Abstract

Metal-free catalysis for green degradation of aqueous organic pollutants has caused extensive concern in recent years. In this study, hexagonally-ordered mesoporous carbon (CMK-3) was applied to activate persulfate (PS) for the degradation of 2,4-dichlorophenol (2,4-DCP) with superior removal rate of 90% in 20 min. The high catalytic efficiency was probably ascribed to the accelerated electron transfer resulting from the large adsorption capacity of CMK-3. It was found that specific surface areas (SSA), defective sites and functional groups on the activator were highly related to its catalytic efficiency and passivation.
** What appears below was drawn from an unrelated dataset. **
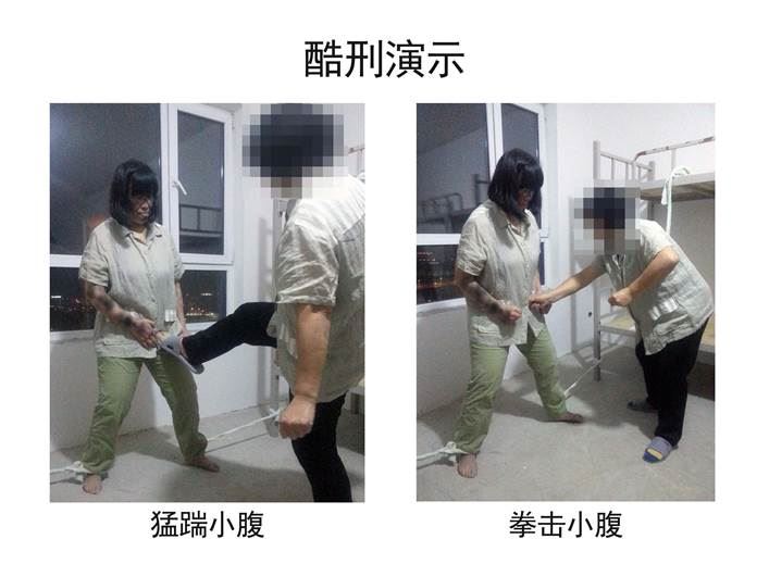 二零零二年十月末,马艳华拒绝带犯人胸牌,被狱警用警绳绑了三天三宿,不许睡觉,不许洗漱,不许坐着,吃饭、如厕也由他人帮忙。
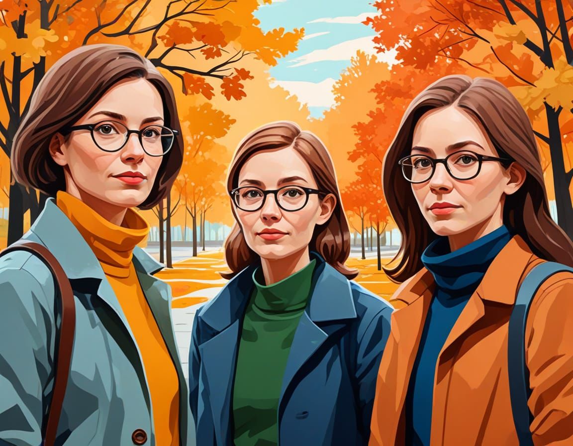 This image depicts university teachers engaged in a philosophical discussion about art, set against an autumn landscape. It features a harmonic composition in a flat, modernist illustration style with abstract, complementary colors.

Compared to other nanocarbons, CMK-3 had better reusability due to its ordered mesoporous structure with large SSA and high defective degrees. For the first time, a two-pathway mechanism was proposed for metal-free activation process of PS, indicating that radical and non-radical oxidation worked together in PS activation for complete 2,4-DCP decomposition, and non-radical pathway played a dominant role while radical pathway was critical in accelerating the reaction. OH, SO4− and O2− all took part in the radical oxidation process, in which the contribution of OH was dominant. Besides, high decomposition efficiency was also achieved in pharmaceutical wastewater treatment by the CMK-3/PS system. This research proposed a new electron transfer mechanism for metal-free activation process of PS, which can provide a theoretical support for further studies.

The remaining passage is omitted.